* Source material
________________________________________

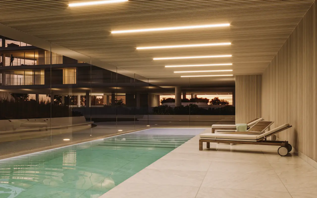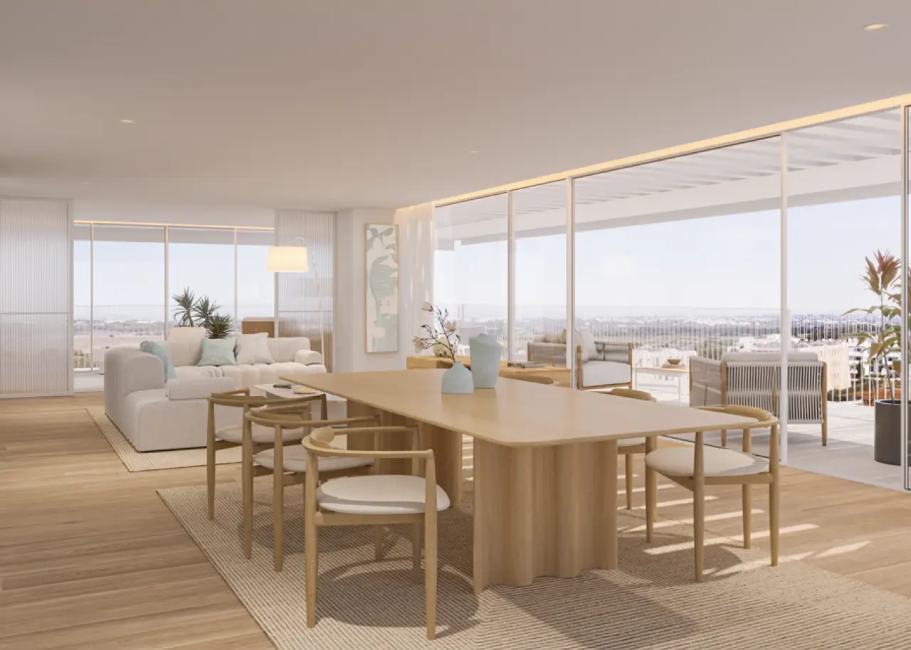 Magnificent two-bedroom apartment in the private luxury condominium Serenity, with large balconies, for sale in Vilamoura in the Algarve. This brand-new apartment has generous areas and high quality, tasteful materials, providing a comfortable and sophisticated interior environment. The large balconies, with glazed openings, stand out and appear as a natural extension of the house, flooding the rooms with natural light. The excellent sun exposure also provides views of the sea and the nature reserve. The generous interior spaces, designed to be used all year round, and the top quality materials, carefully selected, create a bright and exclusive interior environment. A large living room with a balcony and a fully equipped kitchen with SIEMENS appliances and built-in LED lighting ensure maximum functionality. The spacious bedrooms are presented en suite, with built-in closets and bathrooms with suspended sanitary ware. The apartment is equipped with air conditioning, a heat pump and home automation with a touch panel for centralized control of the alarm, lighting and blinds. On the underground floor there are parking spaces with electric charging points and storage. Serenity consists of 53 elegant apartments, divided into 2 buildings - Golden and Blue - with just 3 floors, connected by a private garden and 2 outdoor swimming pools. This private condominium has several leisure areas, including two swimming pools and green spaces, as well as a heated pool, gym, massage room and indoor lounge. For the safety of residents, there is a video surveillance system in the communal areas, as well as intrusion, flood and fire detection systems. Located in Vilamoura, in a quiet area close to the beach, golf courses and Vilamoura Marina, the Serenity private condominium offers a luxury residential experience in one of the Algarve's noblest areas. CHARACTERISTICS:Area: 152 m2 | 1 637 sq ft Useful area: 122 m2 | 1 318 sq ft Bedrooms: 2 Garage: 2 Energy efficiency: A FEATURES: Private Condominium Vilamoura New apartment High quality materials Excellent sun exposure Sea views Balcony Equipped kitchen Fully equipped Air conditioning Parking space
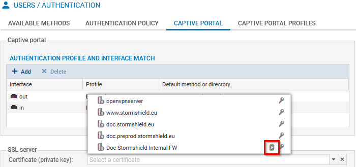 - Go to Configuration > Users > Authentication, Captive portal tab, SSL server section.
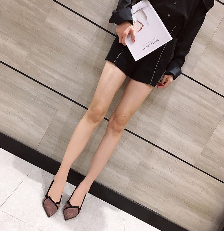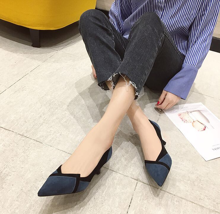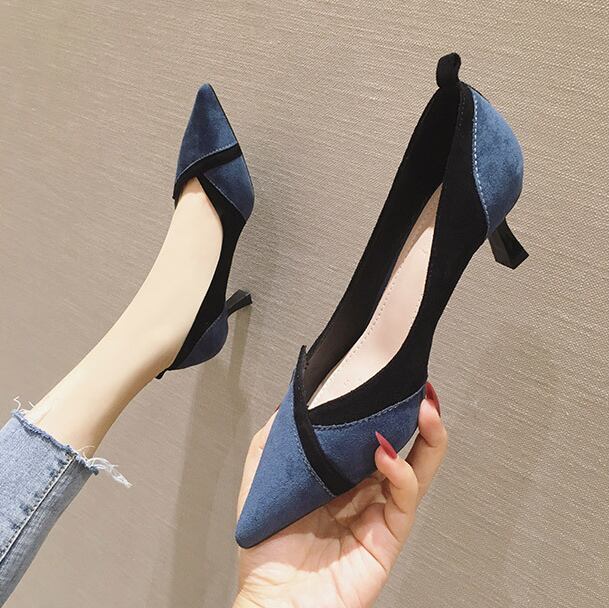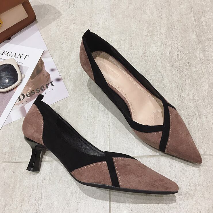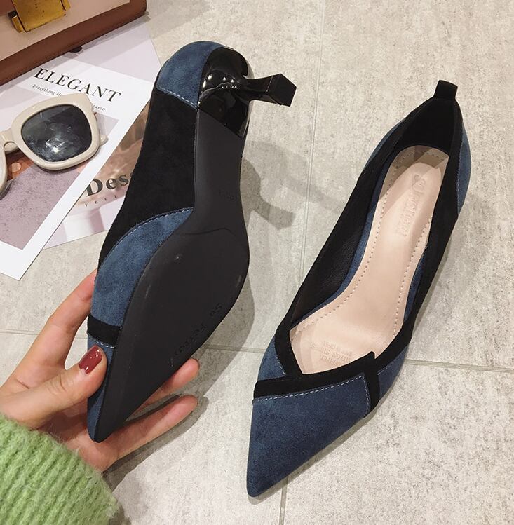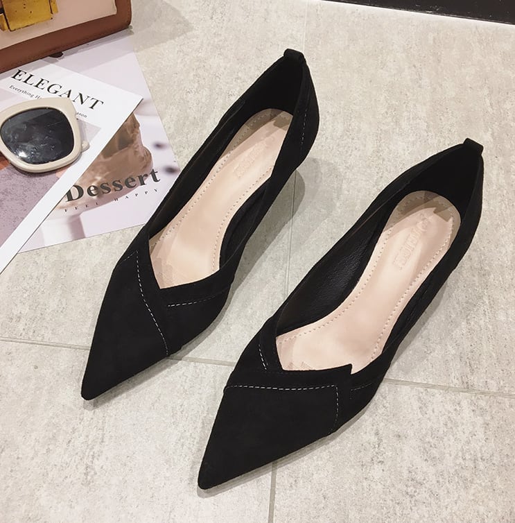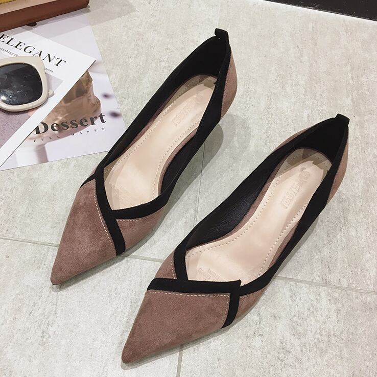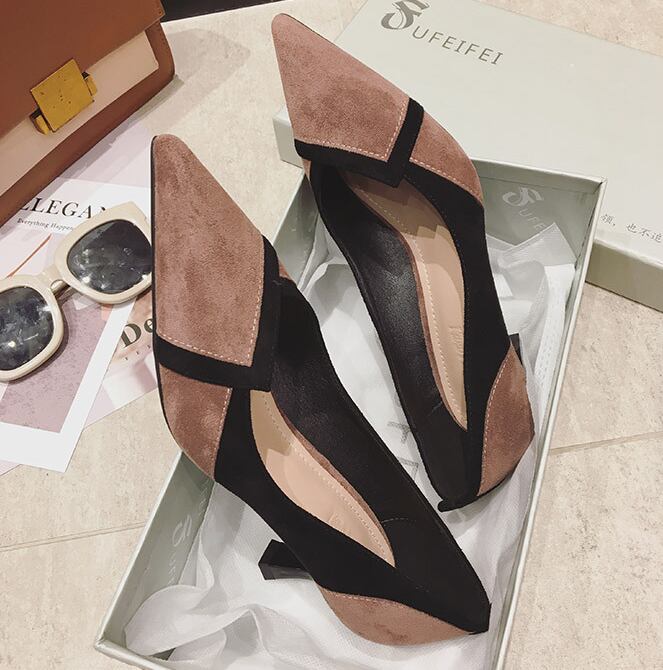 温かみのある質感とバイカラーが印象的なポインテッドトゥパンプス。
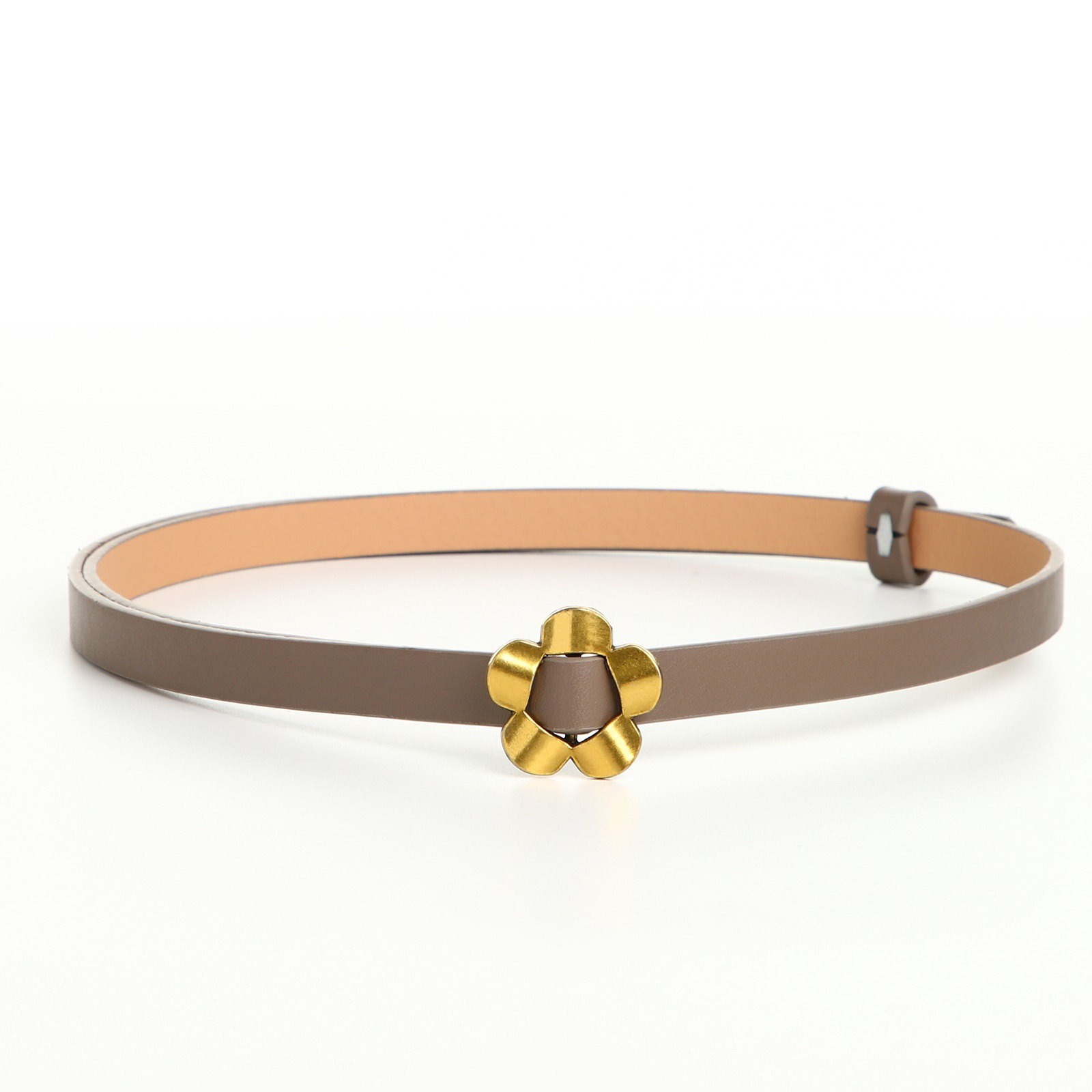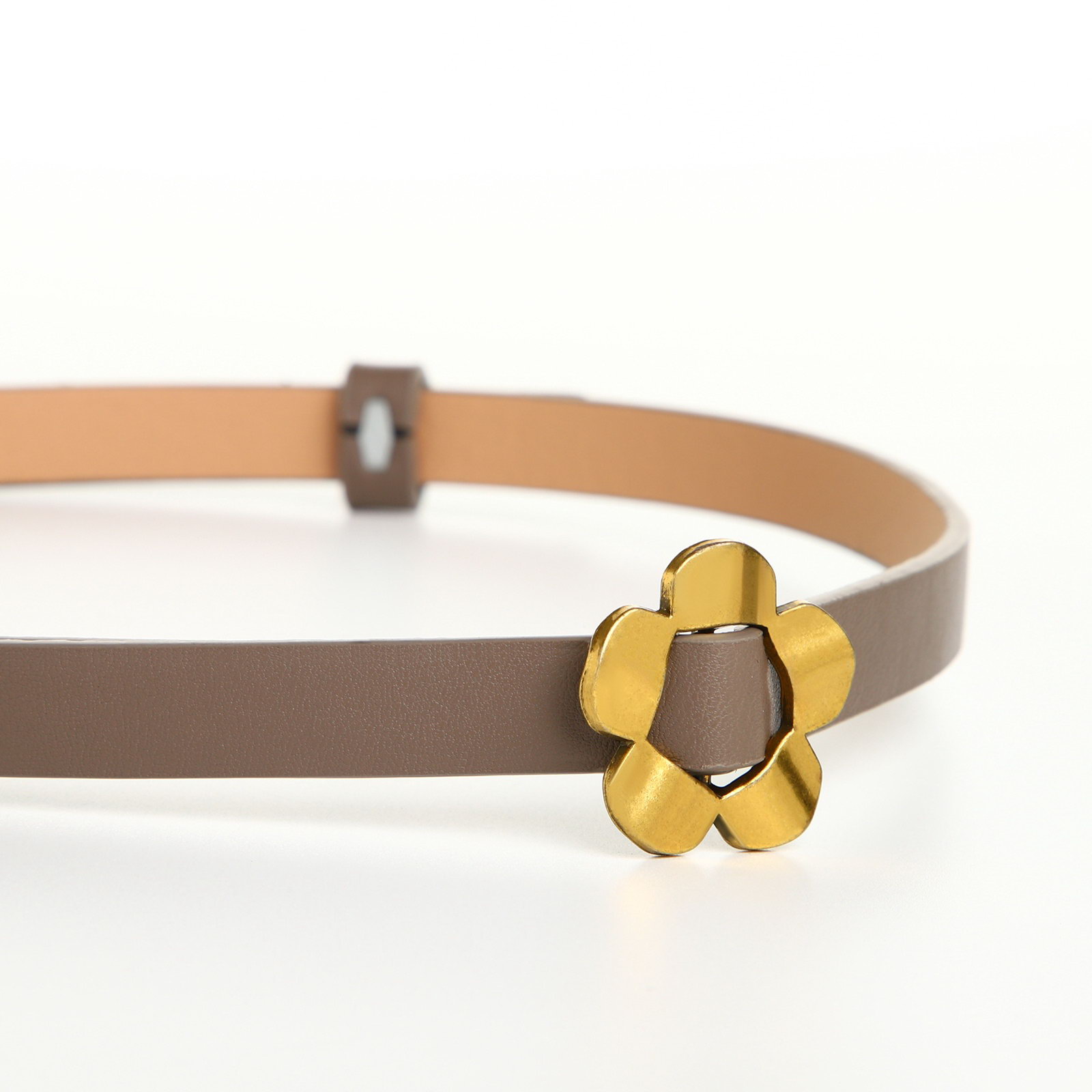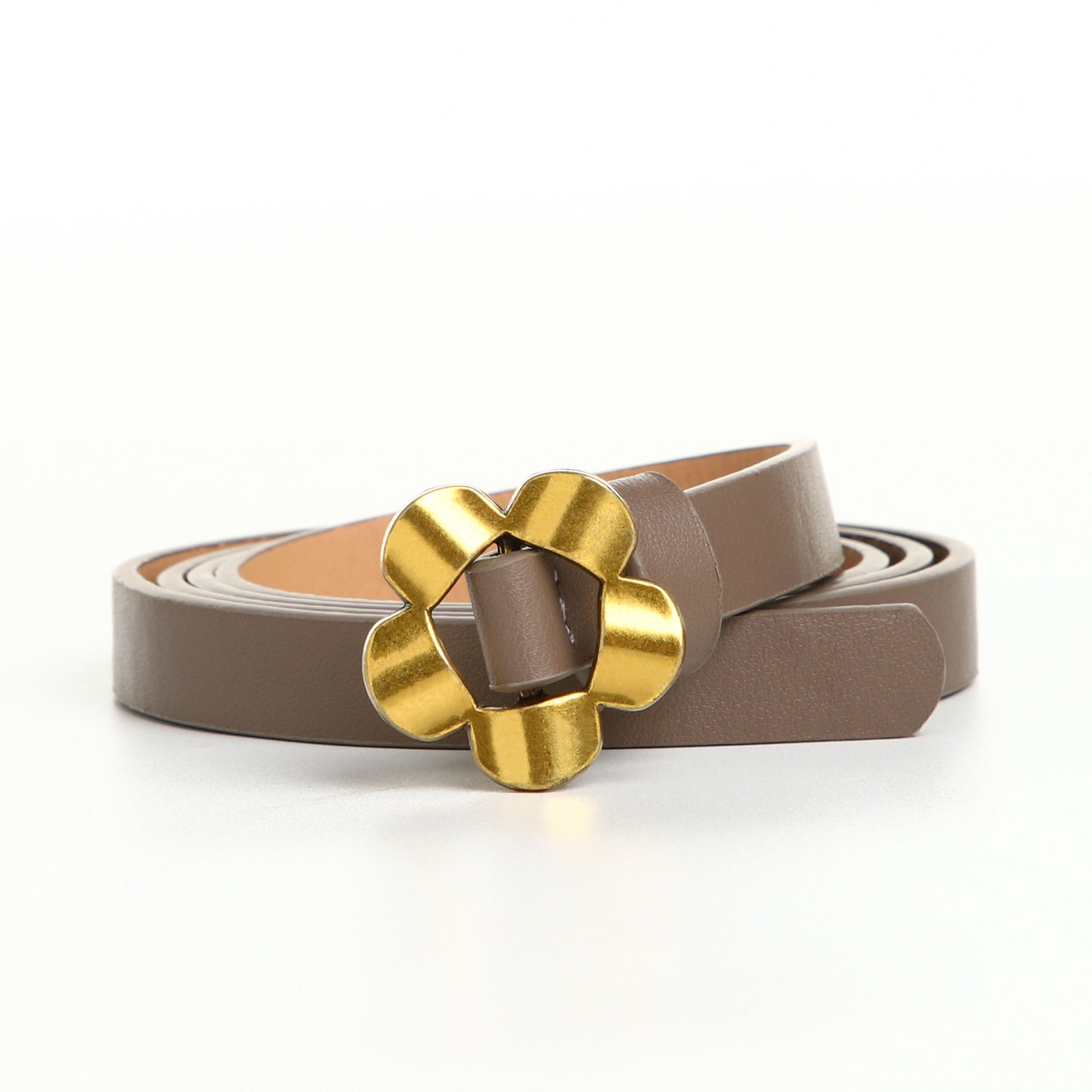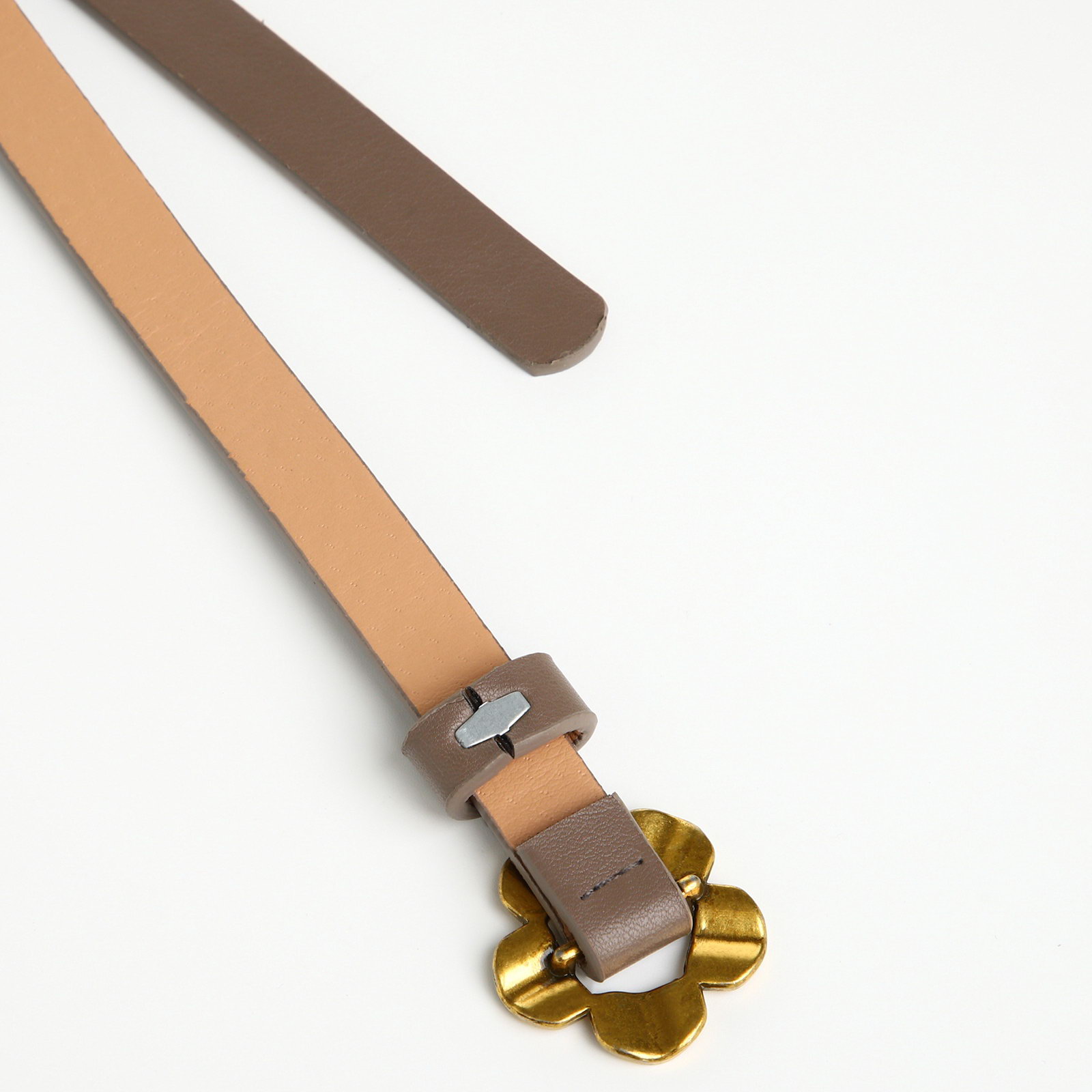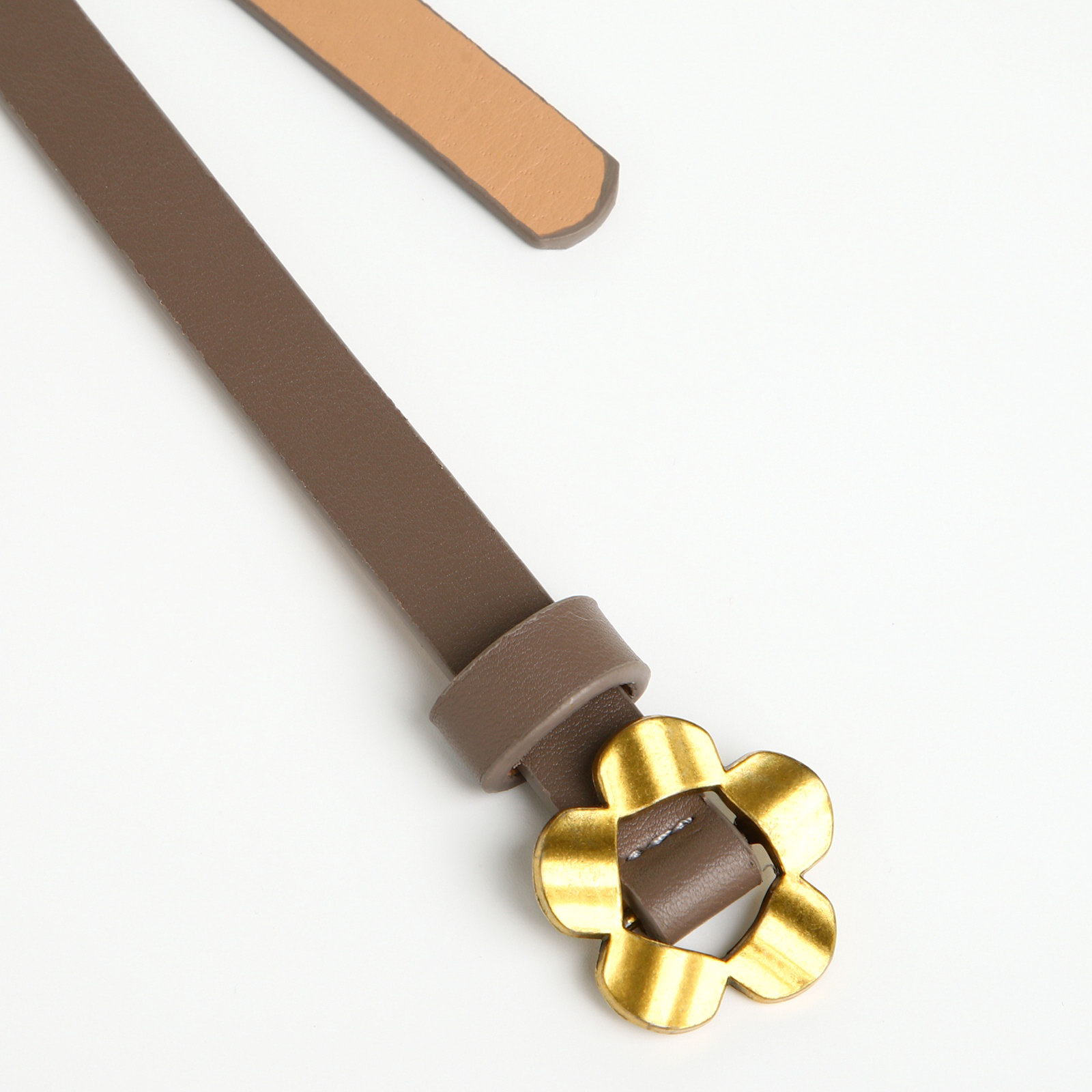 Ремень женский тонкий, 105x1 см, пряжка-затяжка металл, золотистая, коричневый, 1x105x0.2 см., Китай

________________________________________

* Problem details
Leave out all pictures and extract exactly the lines from the line with "- Go to Configuration" through the end of the material.

* Solution to the problem
 - Go to Configuration > Users > Authentication, Captive portal tab, SSL server section.
 温かみのある質感とバイカラーが印象的なポインテッドトゥパンプス。
 Ремень женский тонкий, 105x1 см, пряжка-затяжка металл, золотистая, коричневый, 1x105x0.2 см., Китай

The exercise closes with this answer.